Saturday, March 30, 2013

The Fountainhead (1949)

I’ve just watched the 1949 movie adaptation of Ayn Rand’s The Fountainhead, directed by King Vidor.  When Warner Brothers employed Rand to write the screenplay for the film they rather naïvely gave her complete creative control. Her contract stated that not one line of her dialogue could be altered. Perhaps they assumed that she would not make an issue of it if changes had to be made. If they thought that they were very mistaken indeed. Rand held them to the letter of her contract. As a result the movie is extraordinarily faithful to the spirit of the book. It presents Rand’s ideas in a very uncompromising manner.
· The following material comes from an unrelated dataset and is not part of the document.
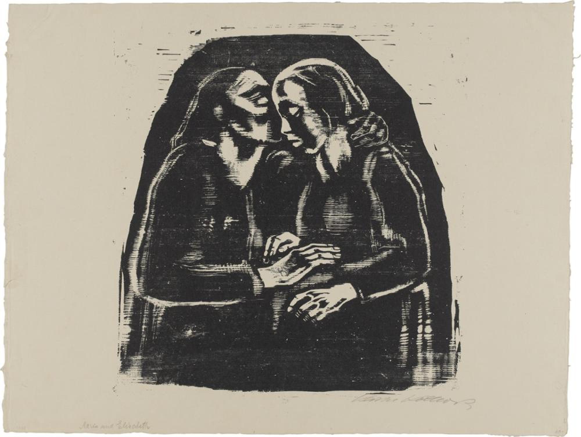 Der Holzschnitt ist die dritte Fassung des Themas, das Käthe Kollwitz auch in Zeichnungen vorbereitete (vgl. Inv.Nr. C 1954/GVL 38). Es geht zurück auf die Begegnung mit dem Gemälde von Konrad Witz »Der Ratschluss der Erlösung«, das die Künstlerin im Kaiser-Friedrich-Museum (heute Bode-Museum) in Berlin gesehen hat. Im Tagebuch findet sich zudem bereits am 28.6.1921 der Eintrag: »Gertrud und Ottilie [d.i. die Schwiegertochter von Käthe Kollwitz] heute wie Elisabeth und Maria. Beide hochschwanger.« Der Abzug der Stuttgarter Sammlung entstammt der Auflage im Euphorion-Verlag von 1930. Käthe Kollwitz schrieb dazu an Dr. Heinrich Becker am 15.1.1930: »Der Euphorion Verlag hat den Stock erworben. Noch sind keine Auflagedrucke hergestellt, da es ein sehr weiches, schwer zu behandelndes Holz ist. Die Auflage wird schon aus diesem Grunde sehr klein sein (150 Drucke).«
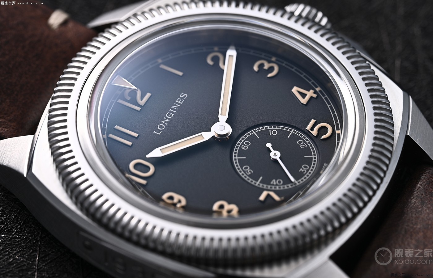 为了保证清晰可读性,腕表采用黑色哑光表盘,6点位的超大小秒盘和历史原作保持一致。和大多数浪琴复刻腕表一样,这款表“舍弃”了日历视窗,使整体风格更加完整复古。

I had read the book not that long before seeing the film. It’s the only book of hers that I’ve read so I can only judge her on the basis of that one book. The problem with Rand is that almost everybody (even those who have never read her) have incredibly strong feelings about her philosophy, either for or against. I don’t actually want to talk about her philosophy. I want to consider her purely as a social critic, and I happen to think that in that role she was remarkably perceptive and prescient.

For those who haven’t read the book it’s the story of two architects. Peter Keating is a third-rate architect but his great strength is that he has no opinions of his own. As he himself admits, he’s never had an original thought in his life. He simply copies whatever happens to be popular and fashionable. As a result he becomes very successful indeed.

Howard Roark (the hero of the book) is a very different sort of man. He stubbornly insists on going his own way, refusing to compromise his vision in any way. If nobody wants to employ him as an architect, if nobody wants to build the buildings he designs, it makes no difference to him. He will not alter a design to please a client. He thinks for himself and he has no interest in what other people think. As a result he has virtually no clients and is forced to take a job as a labourer in a quarry.

Rand understood very clearly that the odds are heavily stacked in favour of the Peter Keatings of this world. It is very much easier to be a Peter Keating than it is to be a Howard Roark. Being a Peter Keating means you’re guaranteed of safety and security, and of social approval. Rand also understood that not only are most people terrified of the idea of thinking for themselves; they hate and fear anyone who does think for himself.

The other key character in both book and film is Ellsworth Toohey, a columnist on a popular newspaper, The New York Banner. Toohey is a type that has become very familiar to us. He’s a textbook cultural Marxist. He espouses equality, and he believes that the best way to achieve equality is to grind down anyone who is exceptional in any way. But as is the case with all cultural Marxists, what Toohey really believes in is power. Toohey has spent years creating a power base for himself within the Banner, slowly and surreptitiously infiltrating the paper with his own supporters. No-one, least of all the paper’s owner Gail Wynant, has noticed this happening. Now it’s Toohey who is in control.

This is a remarkable prediction of the methods of cultural Marxism, of their “long march through the culture.” And Rand seems to have recognised the danger this represented before anyone else did.

The sad history of the past few decades - the triumph of cultural Marxism, the fact that most people would happily embrace politically correct group-think, would not have surprised Rand at all. Nor would she have been surprised by the craven and grovelling manner in which big business has caved in to every demand by the Cultural Left - she predicted this as well in The Fountainhead, in the fearful acquiescing to “public opinion” of the various boards of directors who reject Howard Roark’s designs.

I’m not a follower of Rand, but there’s no question she was farsighted and provocative. The Fountainhead is worth reading, and the movie is worth seeing.